=== Dataset records ===
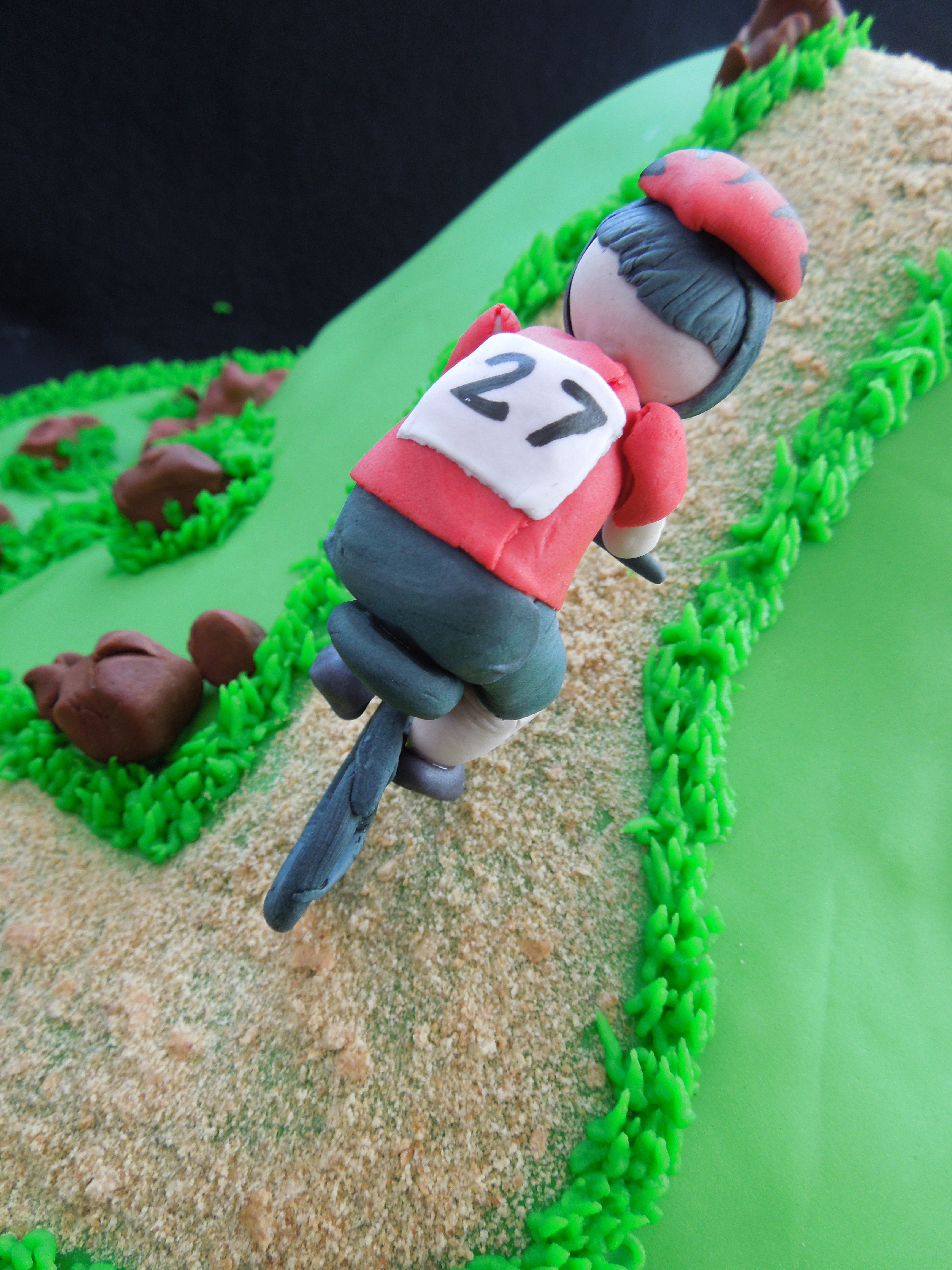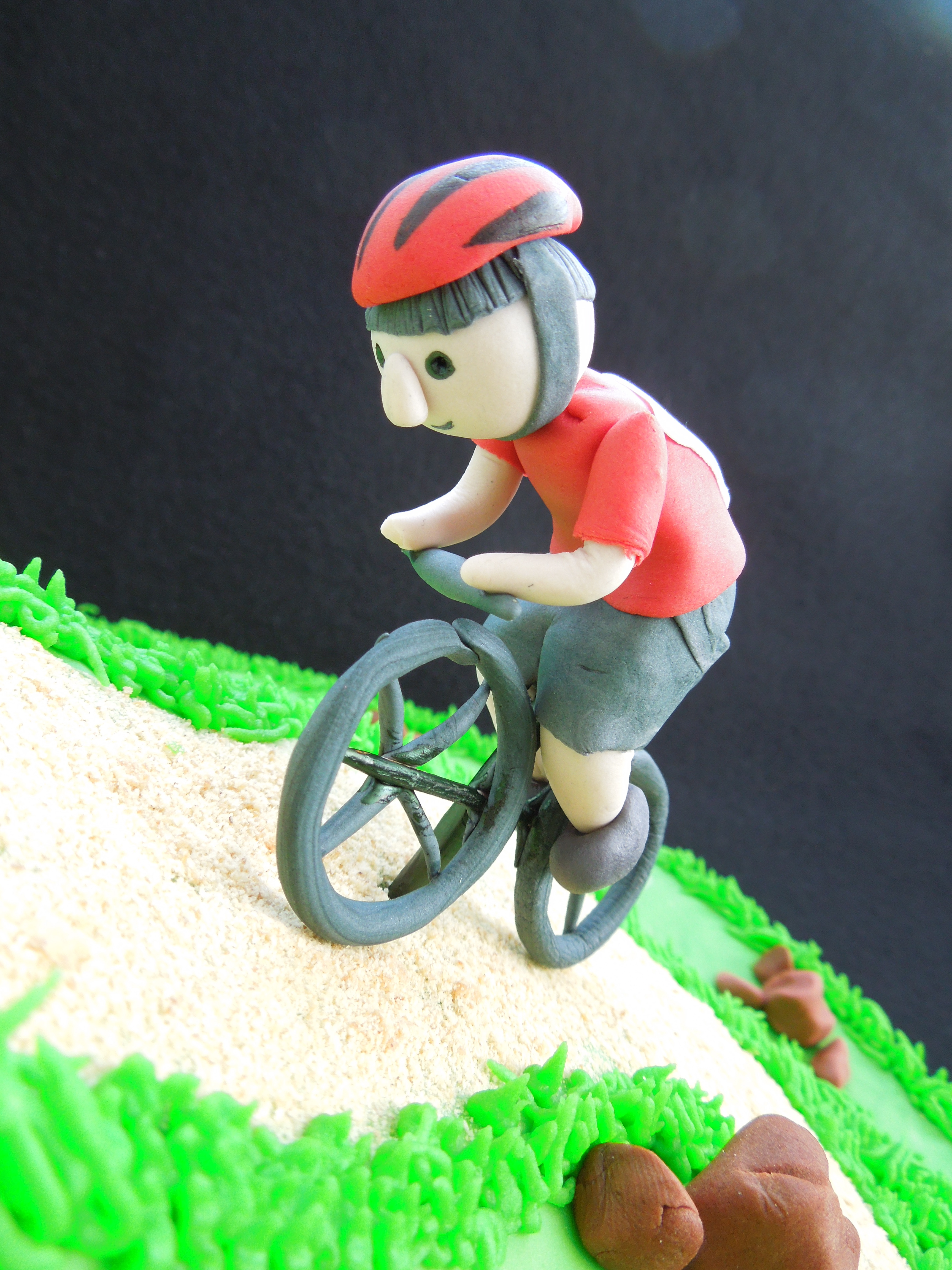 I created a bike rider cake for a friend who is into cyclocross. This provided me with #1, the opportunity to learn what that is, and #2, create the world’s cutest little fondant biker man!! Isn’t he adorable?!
===
=== Dataset records ===
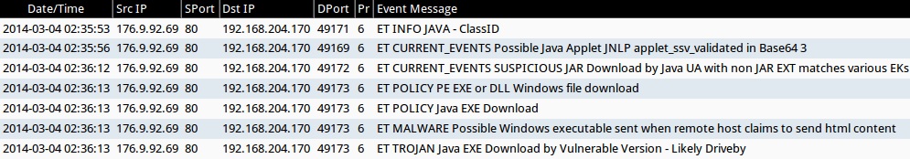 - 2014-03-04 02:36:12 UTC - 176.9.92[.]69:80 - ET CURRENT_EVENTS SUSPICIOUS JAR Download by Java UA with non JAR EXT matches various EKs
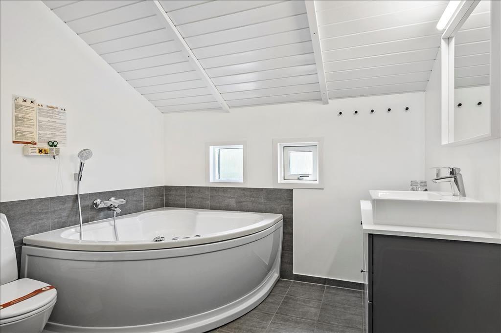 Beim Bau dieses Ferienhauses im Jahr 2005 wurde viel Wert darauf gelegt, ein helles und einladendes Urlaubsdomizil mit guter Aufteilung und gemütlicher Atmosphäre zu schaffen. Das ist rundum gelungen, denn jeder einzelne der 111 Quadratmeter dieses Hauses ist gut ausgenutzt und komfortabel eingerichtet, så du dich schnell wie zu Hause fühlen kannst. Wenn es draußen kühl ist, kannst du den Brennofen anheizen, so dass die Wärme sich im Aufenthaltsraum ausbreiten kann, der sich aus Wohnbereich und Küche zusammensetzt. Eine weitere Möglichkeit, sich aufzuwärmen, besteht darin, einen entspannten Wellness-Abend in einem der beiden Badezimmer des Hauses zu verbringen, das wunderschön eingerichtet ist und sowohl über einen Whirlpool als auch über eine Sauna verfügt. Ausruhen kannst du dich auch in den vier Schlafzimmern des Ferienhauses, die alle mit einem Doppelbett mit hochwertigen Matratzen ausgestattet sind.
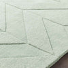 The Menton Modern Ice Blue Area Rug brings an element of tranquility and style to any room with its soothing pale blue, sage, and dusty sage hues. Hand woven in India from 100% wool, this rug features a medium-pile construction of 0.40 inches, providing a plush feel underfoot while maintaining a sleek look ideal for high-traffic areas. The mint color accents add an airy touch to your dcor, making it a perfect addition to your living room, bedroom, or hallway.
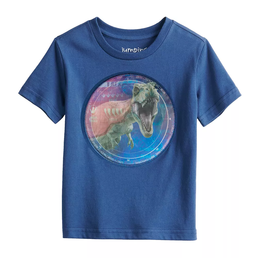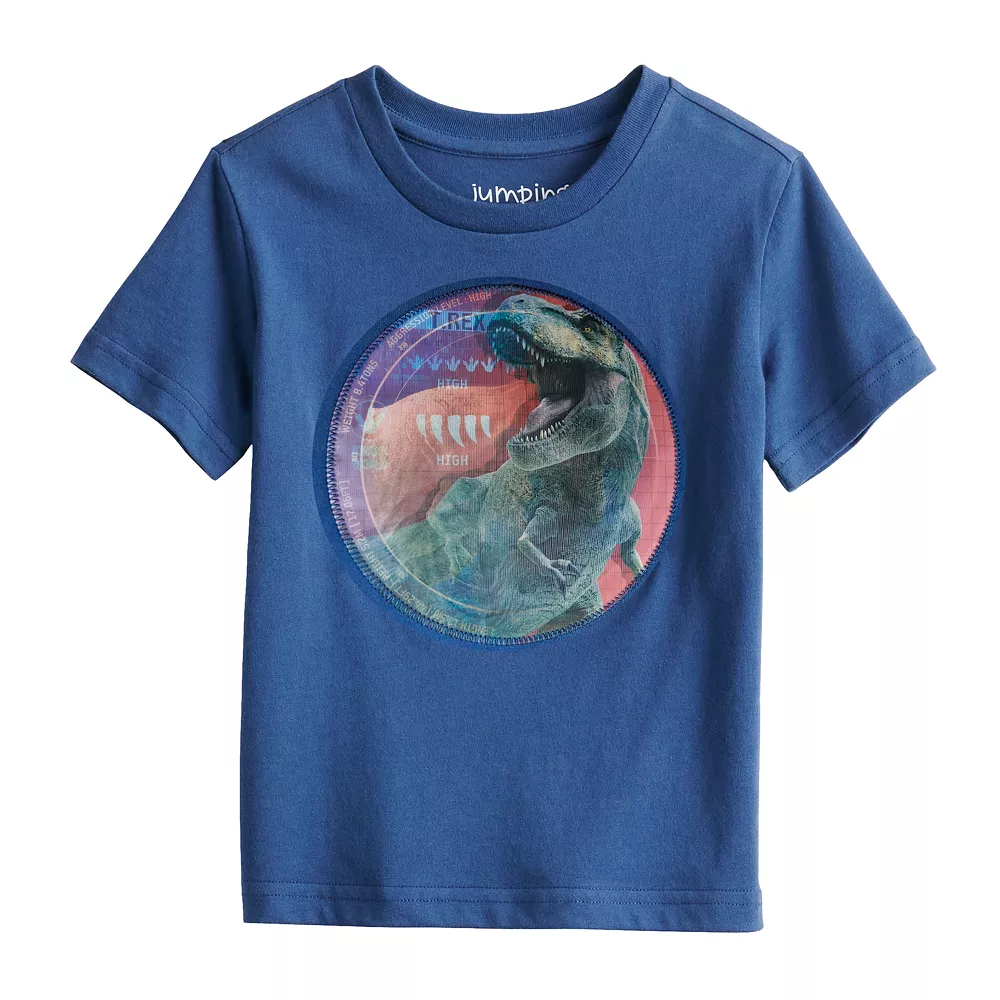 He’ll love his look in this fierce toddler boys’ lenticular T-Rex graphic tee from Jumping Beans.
===
=== Dataset records ===
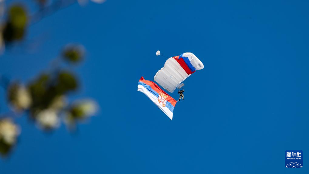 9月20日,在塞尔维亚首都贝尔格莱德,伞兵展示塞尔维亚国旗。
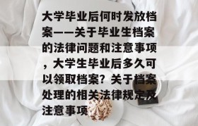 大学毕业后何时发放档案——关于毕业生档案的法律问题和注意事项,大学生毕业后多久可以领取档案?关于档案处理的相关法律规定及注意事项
===
Reproduce the listing above from the line that holds "- 2014-03-04 02:36:12" through the line that holds "Beim Bau dieses", both included, with the pictures left out.

 - 2014-03-04 02:36:12 UTC - 176.9.92[.]69:80 - ET CURRENT_EVENTS SUSPICIOUS JAR Download by Java UA with non JAR EXT matches various EKs
 Beim Bau dieses Ferienhauses im Jahr 2005 wurde viel Wert darauf gelegt, ein helles und einladendes Urlaubsdomizil mit guter Aufteilung und gemütlicher Atmosphäre zu schaffen. Das ist rundum gelungen, denn jeder einzelne der 111 Quadratmeter dieses Hauses ist gut ausgenutzt und komfortabel eingerichtet, så du dich schnell wie zu Hause fühlen kannst. Wenn es draußen kühl ist, kannst du den Brennofen anheizen, so dass die Wärme sich im Aufenthaltsraum ausbreiten kann, der sich aus Wohnbereich und Küche zusammensetzt. Eine weitere Möglichkeit, sich aufzuwärmen, besteht darin, einen entspannten Wellness-Abend in einem der beiden Badezimmer des Hauses zu verbringen, das wunderschön eingerichtet ist und sowohl über einen Whirlpool als auch über eine Sauna verfügt. Ausruhen kannst du dich auch in den vier Schlafzimmern des Ferienhauses, die alle mit einem Doppelbett mit hochwertigen Matratzen ausgestattet sind.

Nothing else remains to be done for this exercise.